▸ **ASSIGNMENT**:
Everything from the line with "Man of the match" to the final line of the entries is to be set down exactly, except the pictures.

DATASET EXCERPTS below:

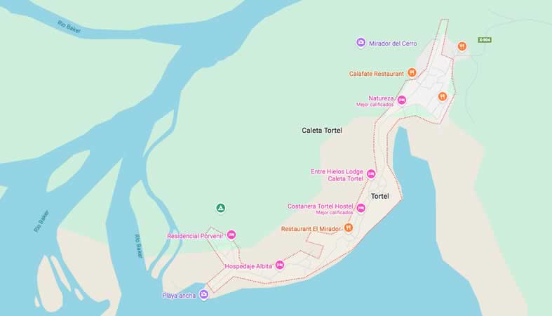 Mapa y Calles de la Comuna Tortel, provincia Capitán Prat
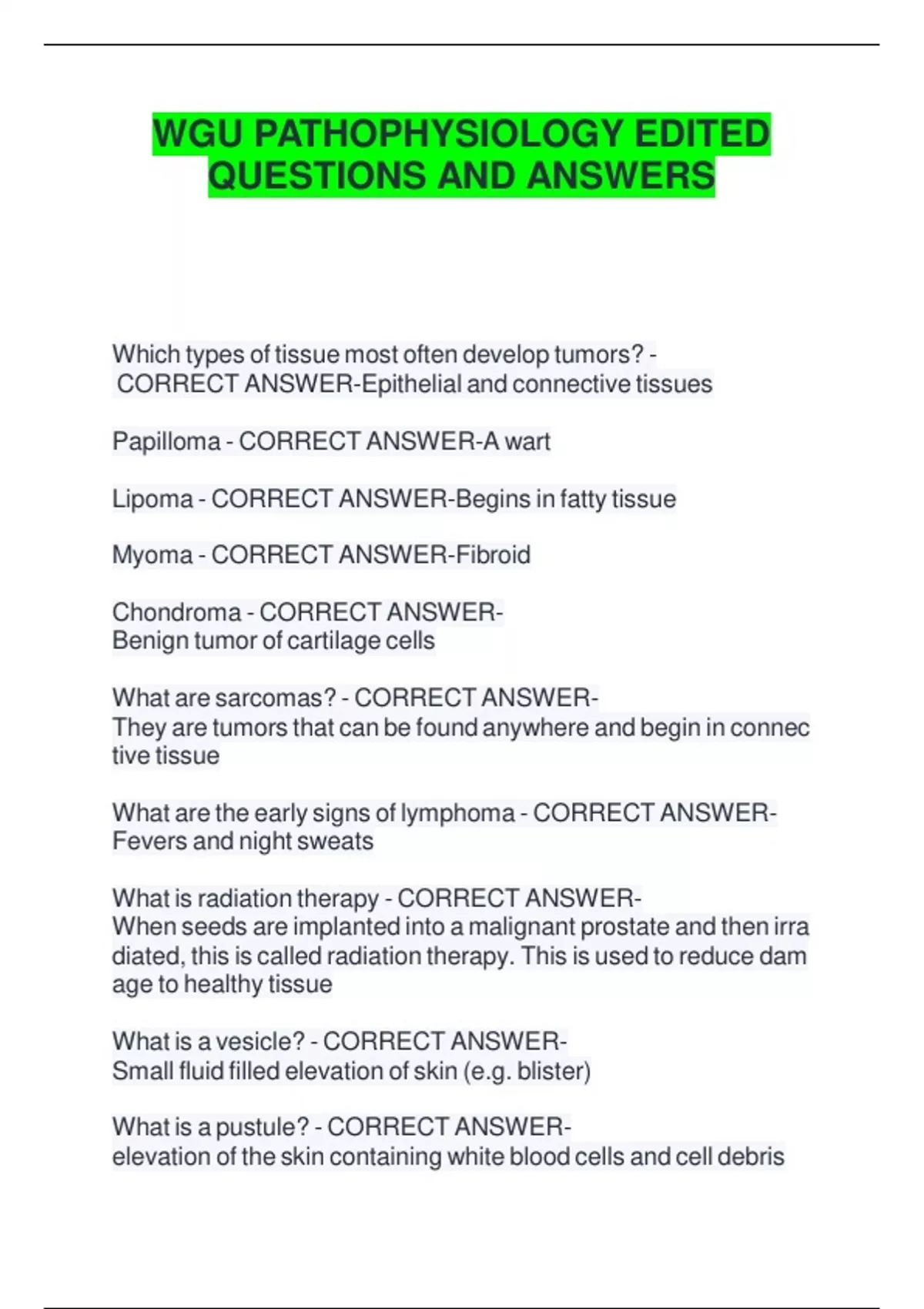 WGU PATHOPHYSIOLOGY EDITED QUESTIONS AND ANSWERS.
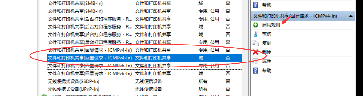 果然,win10默认关闭的ICMP的回显请求,启用该规则之后,两台主机就可以成功ping通了。
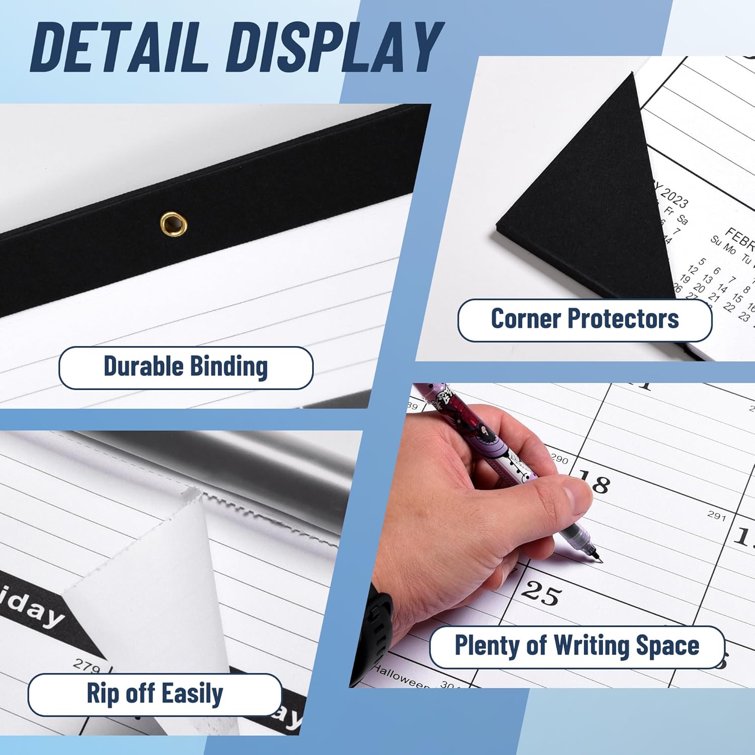 • 🎓CALENDARS--This large desk calendar 2025-2026 the first layer of PVC protective film can keep the large desk calendar 2025 clean and prevent the calendar from being damaged by overturned water or coffee.Classroom calendar are easy-to-tear cutting lines can be easily torn off.With two black protective corners on the bottom to prevent the big calendar from being damaged.
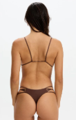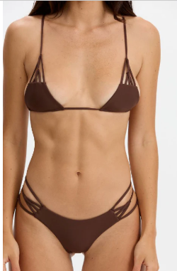 This skimpy triangle top with a strapy, woven, cut-out top detail. This is a triangle top, anchored on one side, which can be adjusted for more or less coverage. A simple, slidable strap in the back allows for minimal tan lines.
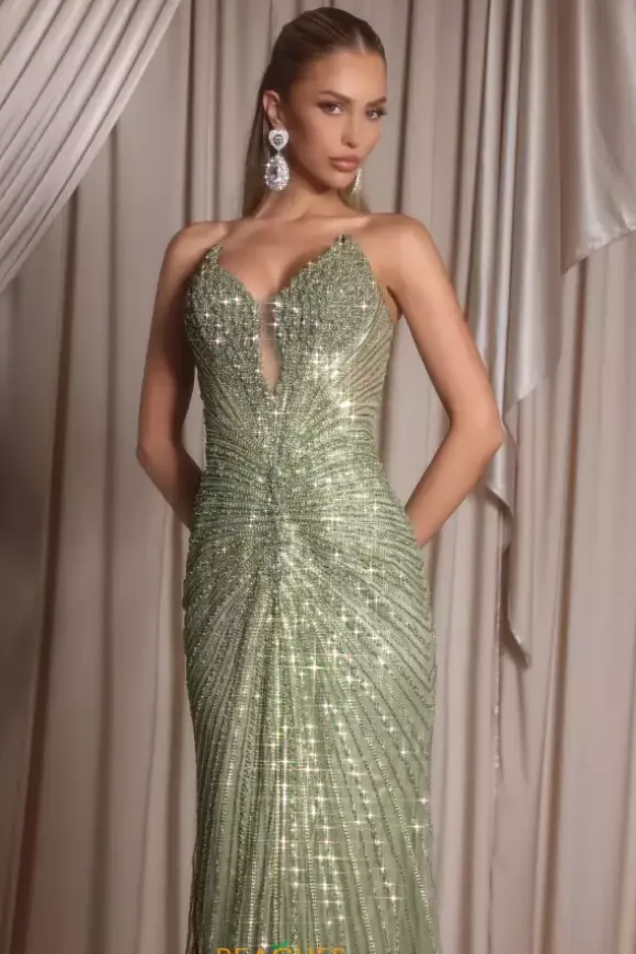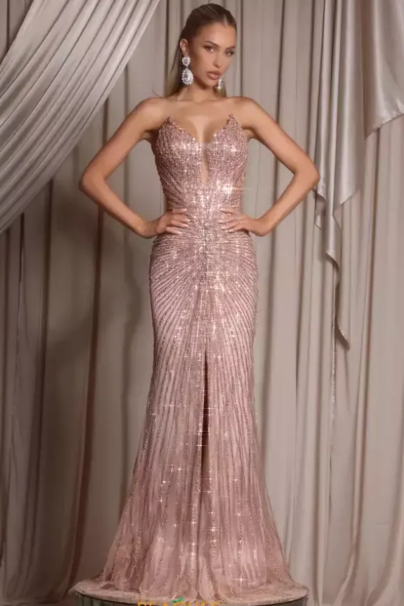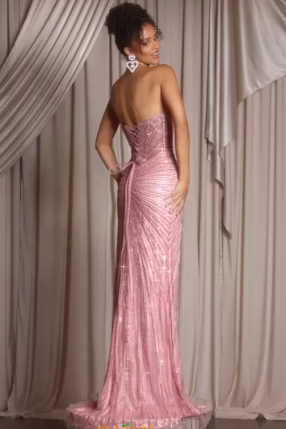 Capture every ones attention at Prom in in this glistening Portia and Scarlett long dress style PS26012 embellished with figure flattering lines of sparkling bead work. This glamorous gown features a lace up back corset with a strapless, V neckline. The long straight skirt flows to the floor with a mesmerizing center front slit.
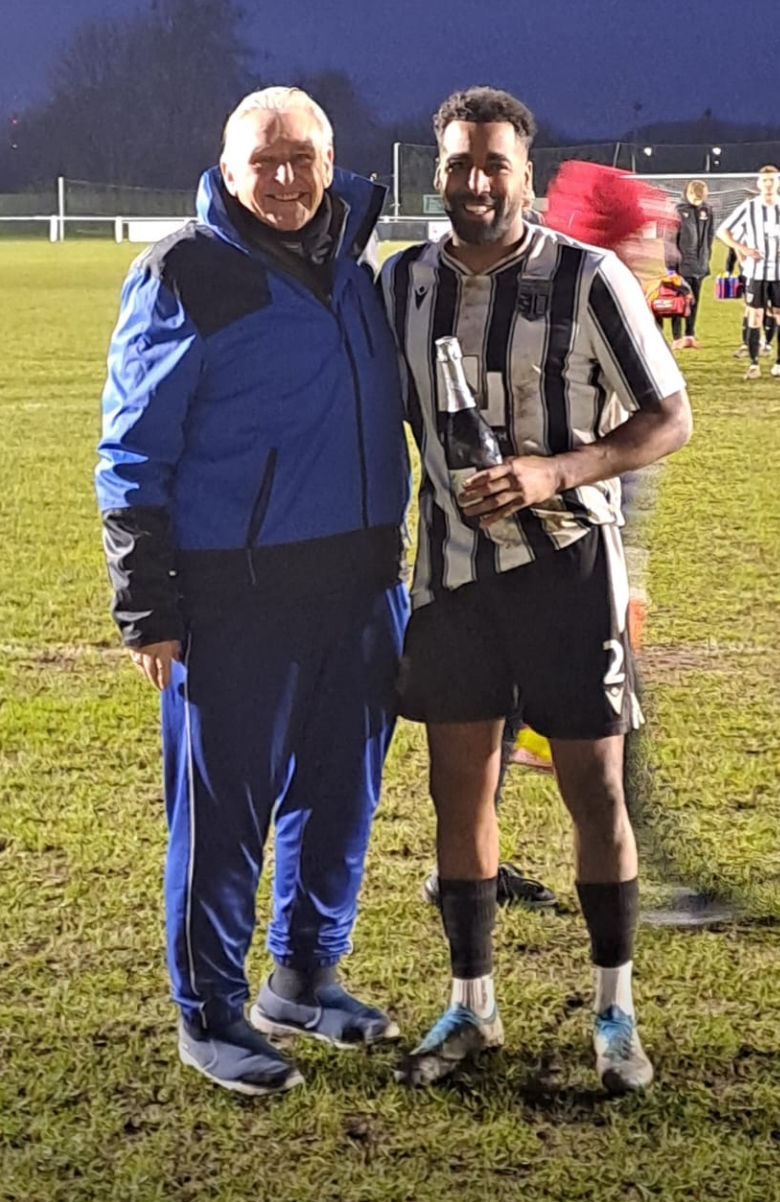 Man of the match picked by the match sponsors was Carlton Pownell , who had a good game at right back, looking to push forward at every attempt and supplying the assist for our goal. He was presented the award by Brian Lovell.
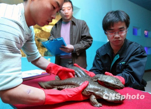 日前,新疆乌鲁木齐市渔政站水生野生动物救助中心成功救助两只大鲵(娃娃鱼)。据工作人员介绍,两只“娃娃鱼”是由热心市民送来的,其中体型较大的娃娃鱼体长达70厘米,体型较小的也有60厘米,按照这两只娃娃鱼现有的体型来看,至少生长了10年以上。中新社发 刘新 摄
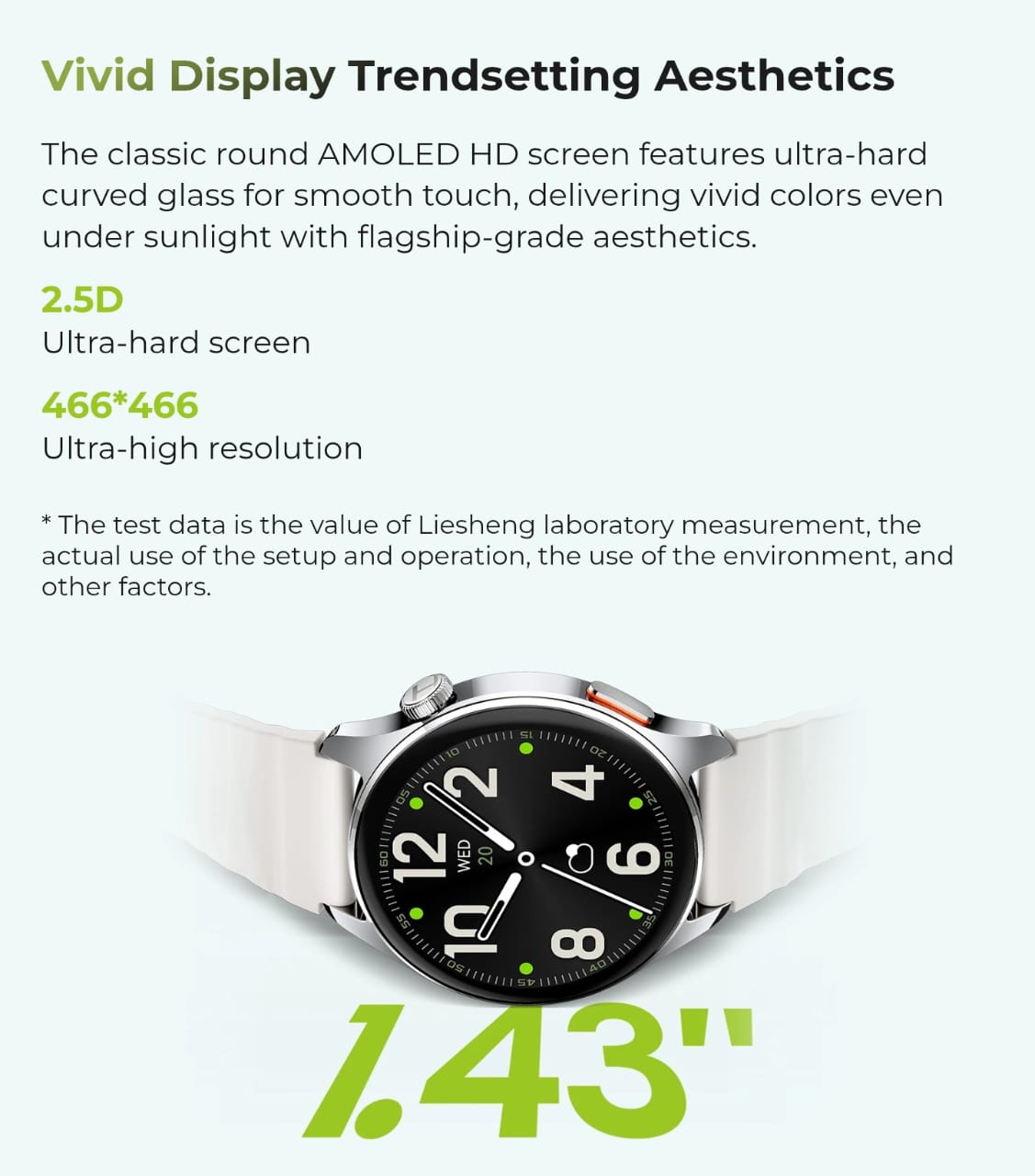 • AMOLED Display – Bright and vibrant 1.78-inch screen for sharp visuals, smooth touch response, and clear readability even under sunlight.

End of DATASET EXCERPTS.

▸ **ANSWER FOR THIS EXERCISE**:
 Man of the match picked by the match sponsors was Carlton Pownell , who had a good game at right back, looking to push forward at every attempt and supplying the assist for our goal. He was presented the award by Brian Lovell.
 日前,新疆乌鲁木齐市渔政站水生野生动物救助中心成功救助两只大鲵(娃娃鱼)。据工作人员介绍,两只“娃娃鱼”是由热心市民送来的,其中体型较大的娃娃鱼体长达70厘米,体型较小的也有60厘米,按照这两只娃娃鱼现有的体型来看,至少生长了10年以上。中新社发 刘新 摄
 • AMOLED Display – Bright and vibrant 1.78-inch screen for sharp visuals, smooth touch response, and clear readability even under sunlight.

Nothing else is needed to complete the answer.